SWAN VALLEY – Audience members watched as their neighbors and familiar places appeared on the big screen at Swan Valley School March 8 as part of Scott Kirby's Main Street Souvenirs presentation. Kirby captured the Blackfoot Valley around Potomac, up the Clearwater through Seeley Lake and north to Swan Lake in his multi-media stage performance. He artfully combined live music, narration, historical and modern photographs, paintings and video clips to tell the story of the gathering of small-town America and the historical and visionary dimensions of the American Great Plains.
Kirby said he often researches his location ahead of time and gets some suggestions from the hosts. However, other times he does his research enroute.
"I have a very strong intuitive sense for finding local stories, local history and local culture," said Kirby who set the groundwork for his multi-media project "Main Street Souvenirs" in 2005 while living in France. "I've gotten really good at it."
Kirby arrived Thursday night. He spent two days filming and a day and half of editing to produce the two-hour performance as part of 2 Valleys Stage concert series. Because of all the video included in the production, this is more extensive than other shows where he has produced six Main Street Souvenirs in six days.

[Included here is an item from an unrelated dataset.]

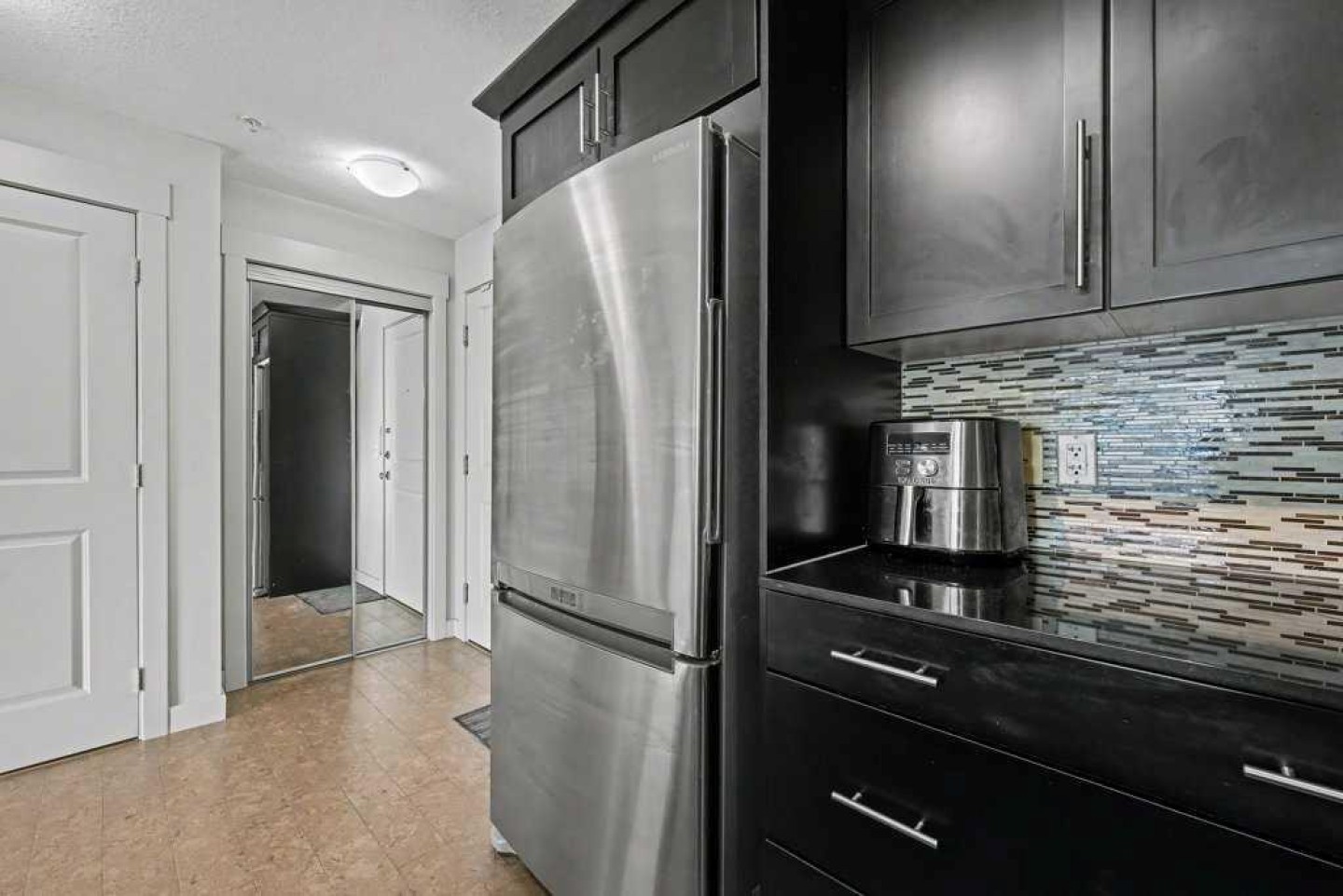 Welcome to SkyWest, a quality-built Truman Homes development. This affordable and functional 1-bedroom condo is ideally located on the 3rd floor and includes 1 titled parking stall. Step inside to a bright, modern open-concept layout designed for everyday living. The kitchen is both stylish and practical, featuring black granite countertops, stainless steel appliances, and a convenient eating bar that flows seamlessly into the spacious living and dining area. From here, enjoy a sunny south-facing exposure and step out onto your large covered balcony overlooking the quiet, courtyard-facing view—perfect for morning coffee or winding down after work. The bedroom is generously sized and complete with a walk-in closet, while the 4-piece bathroom and stacked front-load laundry (tucked neatly behind closet doors) round out the space with smart functionality. Located with quick access to Stoney Trail and Deerfoot Trail, you’re minutes from CrossIron Mills, and just a short walk to nearby shopping, green spaces, and playgrounds. Whether you’re a first-time buyer, downsizer, or investor, this is an excellent opportunity in a well-managed, well-located building.

For the first half of the show, Kirby integrated the local content into the thematic content of his existing show highlighting gatherings in small town America.
Timed perfectly with the rolling presentation, Kirby accompanied on piano and narrated the various chapters that portrayed small town America. Telling the story through chapters about local gatherings, ragtime, big bands, baseball fields, transition of technology in music and the dance halls, Kirby integrated photographs of historic and current gathering places in Potomac, Seeley Lake and Swan Valley and video clips of local historians Anne Dahl, Dixie Meyer and Ron Cox, logger Neil Meyer, ranchers Sidney and Jody Wills and the Seeley-Swan High School Leos Club sharing stories of times past and present.
The second half of the presentation, Kirby took the audience on a journey through five chapters of the American Great Plains. Through his original compositions, photography and paintings he captured the beauty and reverence in the open spaces, stark contrast between the distance, sounds and vertical structures in the horizontal landscape and the dance with Mother Nature that she always leads and is never forgiving.
"I hope to capture the character and value of each town that I go to," said Kirby. "I want to reflect back some things that people know but maybe some things that people don't know about their town."
Kirby will leave a CD with the images and video clips he captured with 2 Valleys Stage as well as one chapter from his presentation.
The final concert for 2VS 2019-2020 season is Stringfever April 28 at 7 p.m. at the Seeley-Swan High School Auditorium.